In the past, I tried to schedule my parental visiting outside of any possible harvest events but, every summer, since I moved to Oregon, my Mother has made numerous attempts to get me to “drive out Hwy 26” in search of fresh produce farms. In self-defense, I have avoided any ventures that would take me beyond the Cornelius Pass Road Exit. However, I now had a part time job in a retail nursery that required me to go as far as the Glencoe Road off-ramp.
So, after spending six hours at the inferno that I call my job, I drove on out Helvetia way and followed the 'happy peach face' signs (about 100 of 'em) to the old Upper Eiger Sanction U-Pick Orchard. By now it's about 3:00-3:30ish, the sun is hovering directly over the treeless parking area, and the thermometer holding steady at 103° F.
I see a sign that tells me that, for only 10 cents more a pound, nobody will ever know “I” didn't pick them (too clever). Bad news--the farmer lady tells me they are out of the already picked peaches and it was "just too darn hot” to go out again... Fine, I'll save 10 cents a pound! (like I’m going for a couple of bushels/pecks/whatever.. and the savings would be phenomenal!).
Trying hard to look like a native Pollyanna, I grab 2 pails and ask where the good red ones are. "Oh, that'll be in row 11" says the nice lady "but you may have to walk down a ways to find the ripe ones...”
Row 11--not bad. Of course there is enough space between each row to land a 747...but hey, it's downhill so off I go! Valda Ree, Valda Rah!! All alone, I felt at one with the mountain...
By about row 8 the yellow ones were looking pretty good, but Mom wants "the nice red ones like we used to get on the Snake River". At last, row 11. "Down a ways" was quite a ways-- and definitely down--we're talking Riicolaaaahhh!
Since I expected warm weather, I was smart and wore my rubber thongs. Going downhill with sweaty feet tends to get those toe things going in a pronounced sawing motion...but finally I come upon ripe red peaches.
(I’m all alone and where, I stop to wonder, are all those hale and hearty folks that are always bragging about the trailers and flatcars they once filled at some Pick-a-thon? Off to the National Pick-off sno doubt)
Now, I'm not planning on "putting up" any, so I try to carefully pick varied stages of ripeness so they won't all rot on the same day. The ground was covered with fallen or dropped (and decomposing) peaches—in all stages beyond ripeness. Managing carefully to step on each oozing orb, I slid and thrashed my way through tree after tree in my process of ideal selection until I could carry no more.

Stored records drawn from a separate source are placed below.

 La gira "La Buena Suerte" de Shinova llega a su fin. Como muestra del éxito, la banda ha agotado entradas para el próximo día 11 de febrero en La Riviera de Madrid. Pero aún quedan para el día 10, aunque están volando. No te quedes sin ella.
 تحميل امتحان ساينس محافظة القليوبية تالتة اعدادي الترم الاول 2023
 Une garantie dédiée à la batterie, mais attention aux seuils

So, with my full pails, slightly heavier than I thought it would be, and my toes oozing with peach I start back up Row 11. After only two decompression stops and a couple embarrassing episodes of wasp dancing (they seemed particularly fond of my feet), I finally reached the shady sanctuary of the weigh-in shed.

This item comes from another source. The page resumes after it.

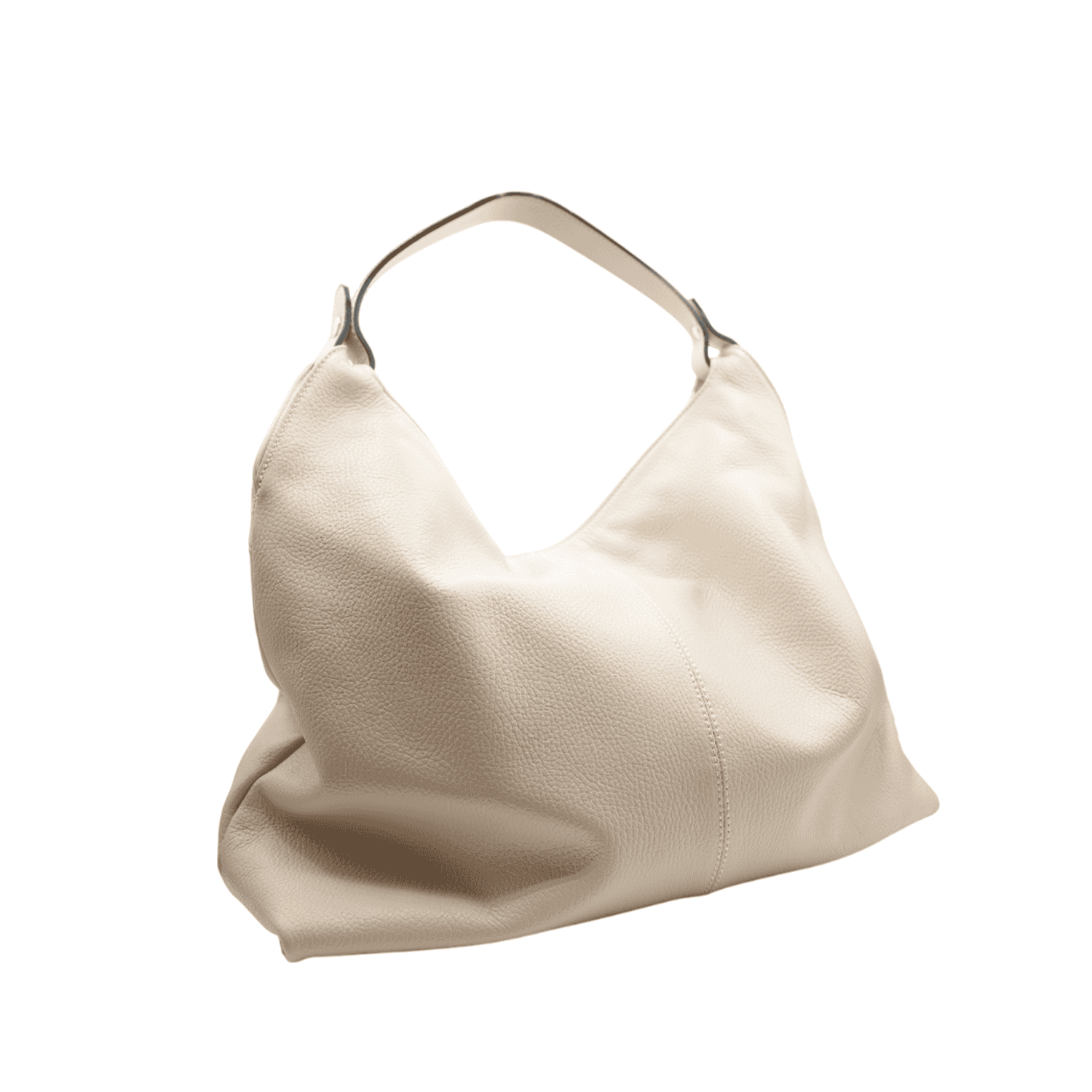 Realizzata in pelle di vitello, disponibile nei toni cuoio, nero e beige avorio, questa maxi borsa a spalla è perfetta per ogni occasione.

I was incapable of speech due to what I believe was oxygen deficiency. With the exception of my strangled wheezing, I watched silently, as the farm lady dumped my haul onto the scale. I was amazed! Who'd have thought you could fit 40 lbs. in two of those buckets?! Sure it was a little heavy on the ascent but, for the buck and a half I saved, it was all worthwhile!
Mom, of course, was thrilled. That it was the hottest day of the year only seemed to add to her delight. While I’m running cold water over my head in the kitchen sink, to stave off the effects of heat stroke, she hollers, "Did you see any corn while you were out there?"
Teeth clenched, I thought, but did not add, “No, but I saw a great wheat field so I came back to hook up the combine...bread tastes so much better when U-mill your own flour! I'll just grab the spade in case I run across a U-Dig potato patch on the way back out. Hey, come to think of it, fresh coconut sounds good, too...and how about some of that great clover honey, while I’m at it?!”